UPDATE: We experienced some data loss on The Blue Alliance. I’m working to restore the situation, and it should be restored entirely by the end of April 4th, 2012.
Those curious about technical details can read more in this Google Doc, where I am recording what I am doing to fix it.
Most of 2012’s data is recovered already. Not all events have been, so some pages will continue to generate errors. Whatever doesn’t heal itself with cronjobs will get fixed tomorrow night.
At this point, nearly all data has been recovered. 2012 Events and Matches are partially missing. 2011 Events and Matches are entirely missing. This data will be recovered when FIRST’s pages come back online.
Some teams who have not competed in 2012 have lost their details like nickname. These will be restored when FIRST’s pages come back online.
Will write more about backup measures we should take in the future in the document, but not tonight.
FIRST’s servers are rejecting our scraping attempts from our production server. I’ve emailed [email protected] to attempt to resolve the issue. Does anyone know anyone else I can get in touch with?

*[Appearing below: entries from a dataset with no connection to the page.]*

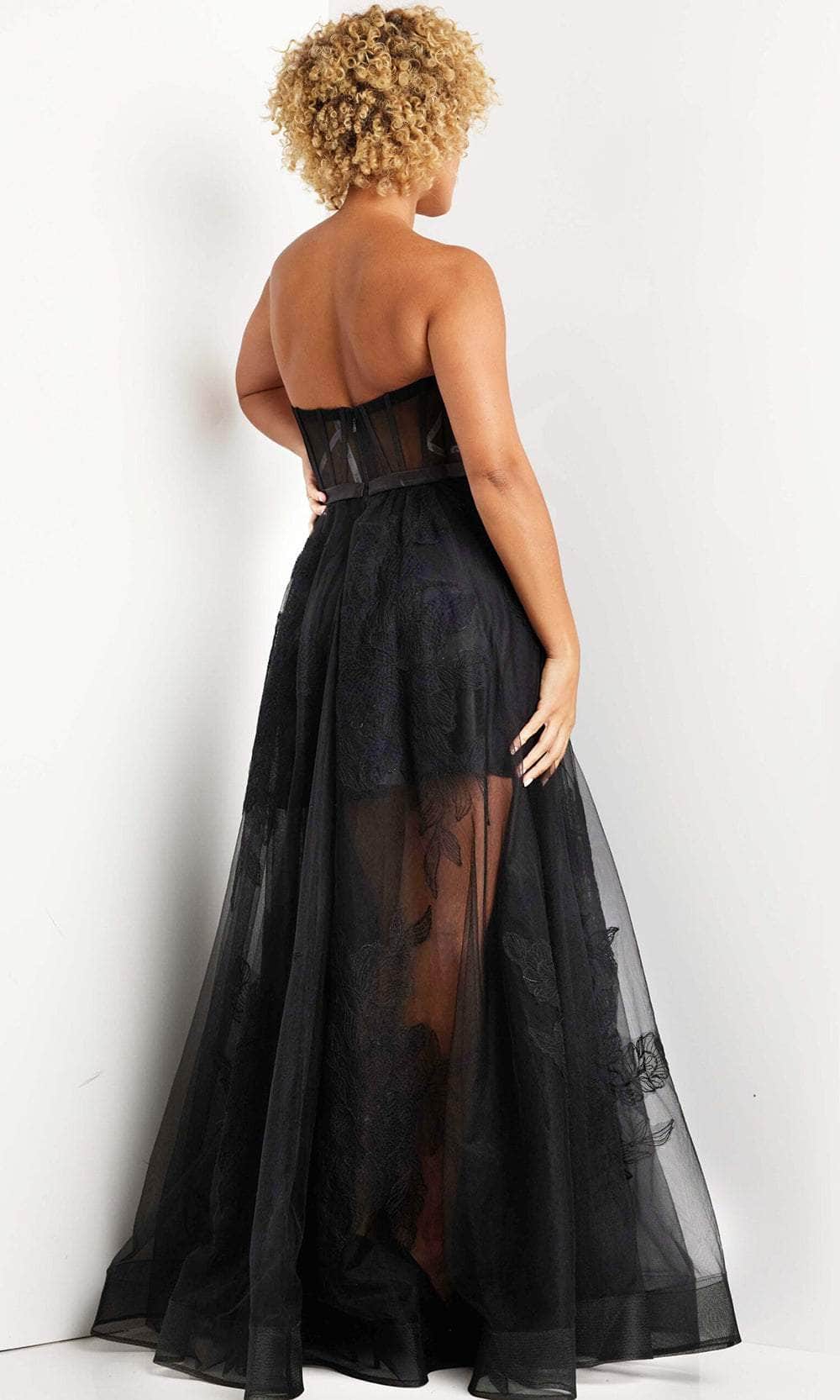 Heighten your visual appeal in this captivating Jovani 37646 prom dress. This dress will make people fall in love with you as this showcases an endearing strapless sweetheart neckline on an illusion corset bodice. It also reveals a mid-open back that is secured by a zipper for a refined finish. Additionally, it also displays a floor-length A-line overskirt on a short sheath skirt. You will own the spotlight as the best-dressed in this Jovani 37646 masterpiece. Model is wearing Black color.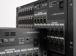 The 5U size Rio3224-D provides 32 ins, 16 outs, and four AES/EBU outputs.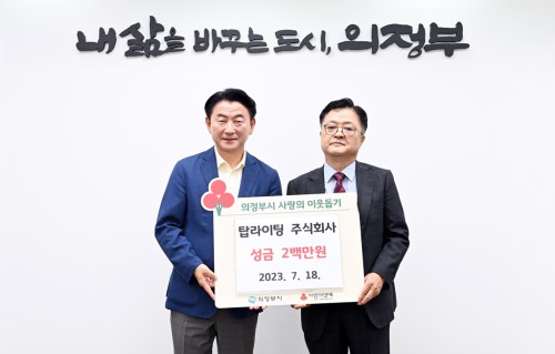 ÀÇÁ¤ºÎ½Ã(½ÃÀå ±èµ¿±Ù)´Â 7¿ù 18ÀÏ Å¾¶óÀÌÆÃ ÁÖ½Äȸ»ç(´ëÇ¥ ±è¼®±Ô)°¡ Àú¼ÒµæÃþÀ» À§ÇÑ ¼º±Ý 200¸¸ ¿øÀ» ±âºÎÇß´Ù°í ¹àÇû´Ù.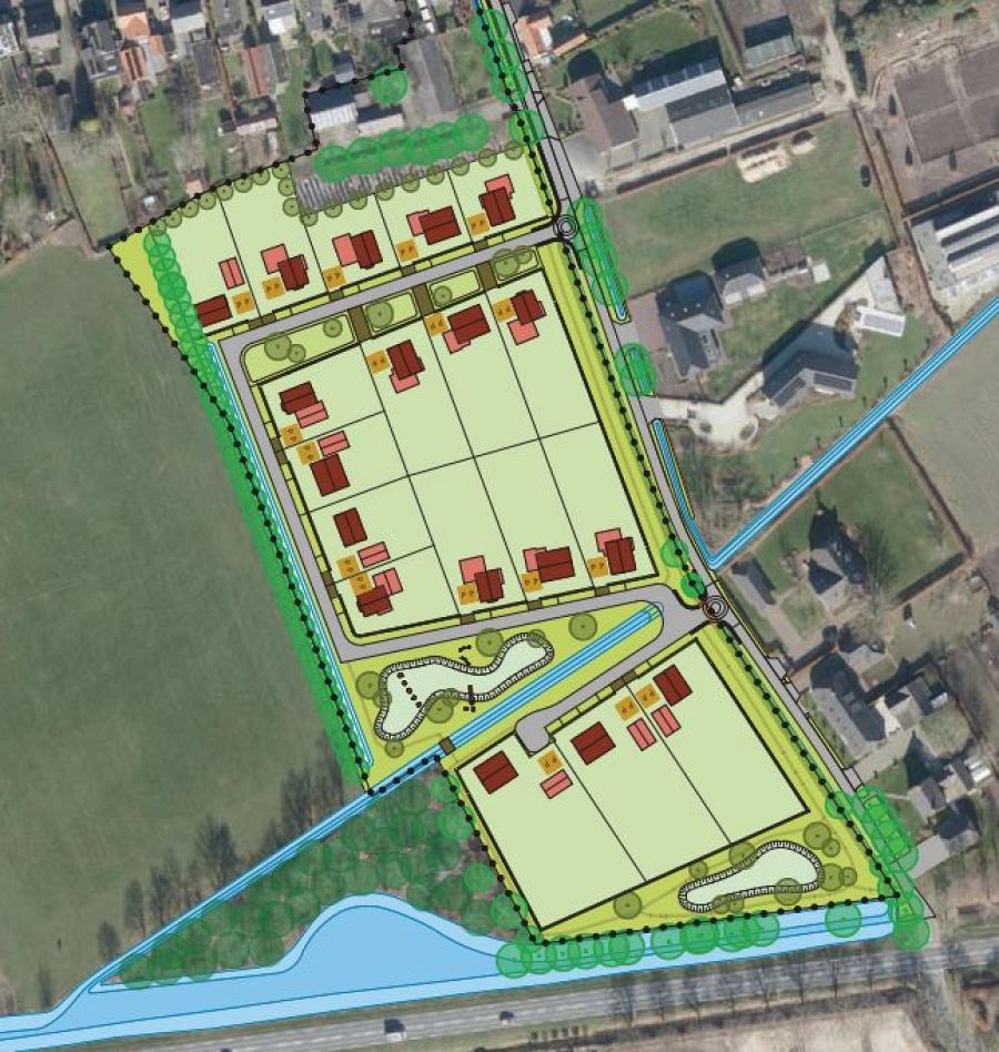 De bestaande waardevolle landschapselementen vormen de basis voor de ontwikkeling: zo blijft de struweelhaag van meidoorn aan de Groenendaal behouden en ontwikkelt de nieuwe buurt zich compleet achter deze natuurlijke erfafscheiding. De westzijde wordt gekenmerkt door een bestaande wilgenrij. Deze bomenrij blijft behouden en wordt vergezeld met een groenstrook en een watergang. Deze watergang loopt over in een wadi die in de driehoekige groenzone ligt. Hier is ook ruimte voor speelelementen.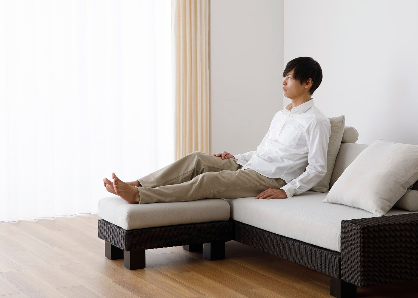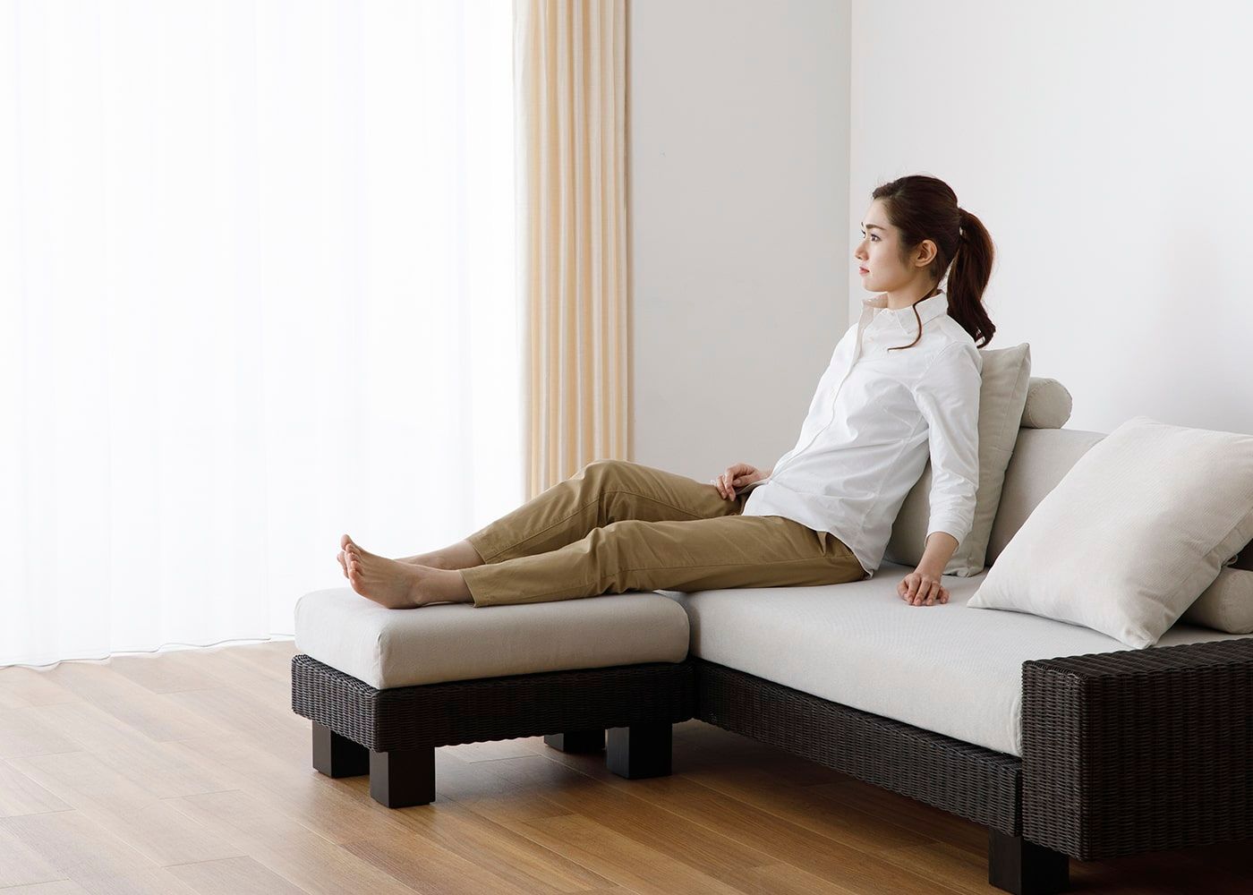 足先を上げることで血流が良くなり、脚のむくみを軽減します。長時間座っても疲れにくいのがオットマンの大きなメリット。さらに、よりゆったりと寛ぎたい時は面積の広い
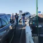 Tampico, TAM.- Con sus llantas traseras quedó un vehículo compacto tras derrapar en el puente a desnivel denominado Aeropuerto, en donde por fortuna los ocupantes sólo resultaron con golpes superficiales y crisis nerviosa.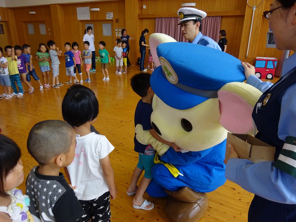 みんなが大好きなこあんちゃんとおまわりさんと一緒に交通ルールを確認し、横断歩道の正しい渡り方を教えてもらいました。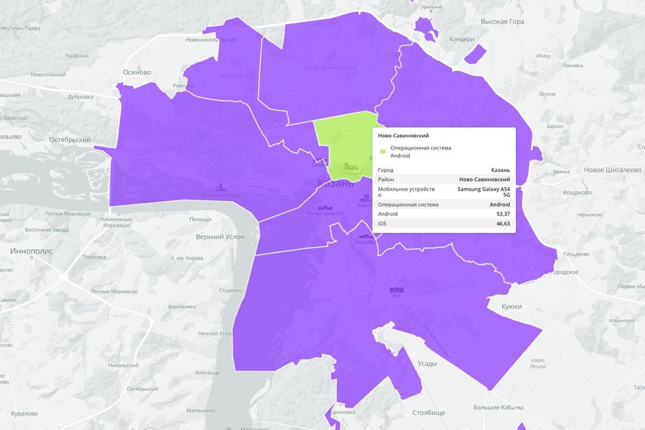 Особенно высокий показатель зафиксирован в Авиастроительном районе города, где доля iOS достигает 77%. Лидером по Android стал Ново-Савиновский район города — 53%.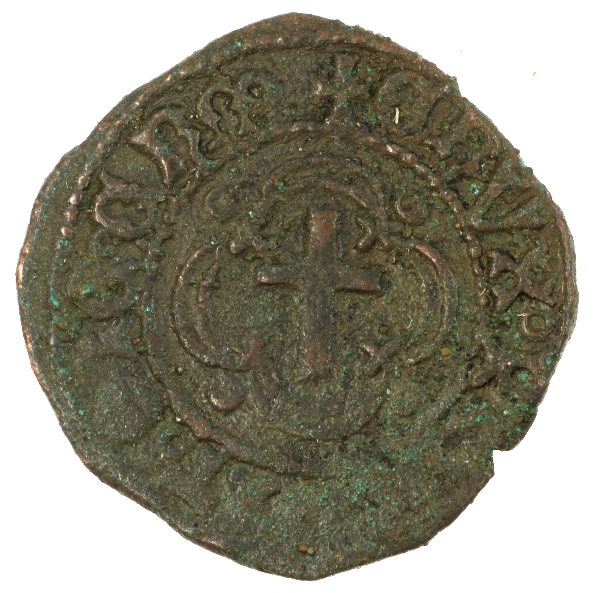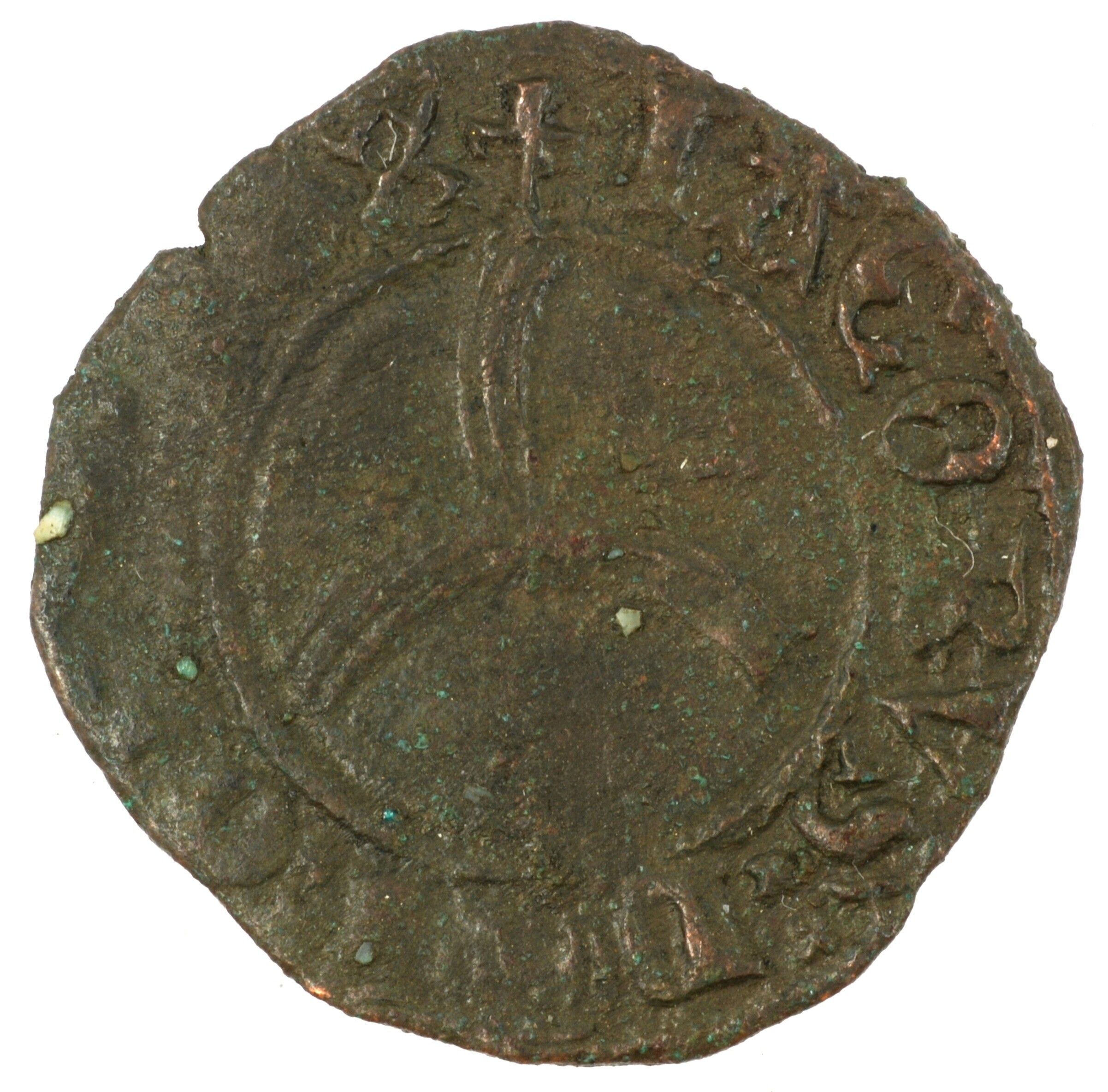 Penny, type I; Schotland; James III (1460-1488); vz.: rijksappel naar beneden gedraaid binnen parelcirkel, met omschrift +IACOBVS×DEI×G[RA×R]EX; kz.: Latijns kruis binnen vierpas en parelcirkel, met omschrift +CRVXoP[ELL]IToOIEoCRIM; muntplaats: Edinburgh; gewicht: 2.17 gram; zeldzaam; referentie: Seaby / Purvey 5307 var (interpunctie voorzijde twee kruizen boven elkaar, voorzijde interpunctie rondje en CRM in plaats an CRIM)

“Google access to this page has been blocked due to repeated failure to respect robots.txt”
What are you violating? The 10 sec page request delay or something else?
You’ll want to assure them you’ll respect current settings and future changes in robots.txt.
I’ve talked to their IT dept before, but normal changeover almost assures that it’s different people by now.
New employees are publicized in the FIRST Newsletter. I’ve attached a list, but beware, the earlier people may be gone or re-positioned within the organization as time passed.
I got in touch with the FIRST web team, and we’re going to make some changes to how we request pages. Things should be back up and running later tonight
I believe all data is restored now. We lost some metadata that had been manually edited, but the Events and Matches should be back. We’ll monitor our logs for errors in the next few days, and fix anything else that crops up.
Hmm, trying to figure out why we’re not re-grabbing these right. Thanks for the pointers. FIRST’s page structure makes scraping this information tricky (you can’t just look up a team with it’s team number), so I think something may have changed in the mean time.
Oddly enough, it looks like you only have team info for defunct team numbers like 40, 47 & 65. Wonder if that is stale backup data because it is not overloading them in failed scrapes.
All the team info TBA uses is available in one (easy to parse) tab deliminated page https://my.usfirst.org/frc/scoring/index.lasso?page=teamlist
It would be easier to just scrape that page. Plus, that is only 1 page request instead of thousands.
Alternatively, you could ask 358 for its database(especially if you want to fill in defunct team data)